AIR Spotlight is an insightful program featured daily on the All India Radio News on air. In this program, many eminent panellists discuss issues of importance which can be quite helpful in IAS exam preparation.

This article is about the discussion on: Government Schemes and Initiatives For Doubling Farmers Income.

Participants:

  1. Dr. Nilay Ranjan, Agriculture Expert
  2. Rajesh Lake,AIR Correspondent

Context: This article discusses various government’s policies for doubling farmers income.

Introduction:

  • Agriculture supports the sustenance of more than half of India’s total population. Doubling farmers’ incomes in a short period is an overwhelming task for decision-makers, scientists, and political makers due to their continuous role in employment, income, and, above all, in national food safety. 
  • Doubling the farmers’ income is possible through the increase in total production and the best realisation of market prices, reducing production costs, product diversification, post-harvest efficient management, etc
  • The budgetary allocation in the Union Budget 2023-24 for the Ministry of Agriculture and Farmers Welfare is about Rs 1.25 lakh crore.

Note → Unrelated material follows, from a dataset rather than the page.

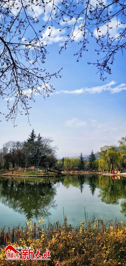 天水麦积区马跑泉公园的花开了,虽不到群芳争艳的时节,但春风一夜后,这满园的花木便迫不及待,照着一湖水的明净,开始描眉梳妆了。

Need for Doubling Farmers’ Income:

  • Around 85% of the farmers in India are small, marginal, and landless whose annual incomes are relatively very less.
  • Due to agricultural losses, and low farm incomes, the number of suicides by farmers in India has also increased sharply.
  • India’s previous agricultural sector development strategy mainly focused on increasing agricultural production and improving food security.  
  • To promote farmers’ welfare, ease agricultural difficulties, and achieve equality between farmers’ income and non-agricultural income, farmers’ income must be doubled.

How can doubling farmers’ income be done?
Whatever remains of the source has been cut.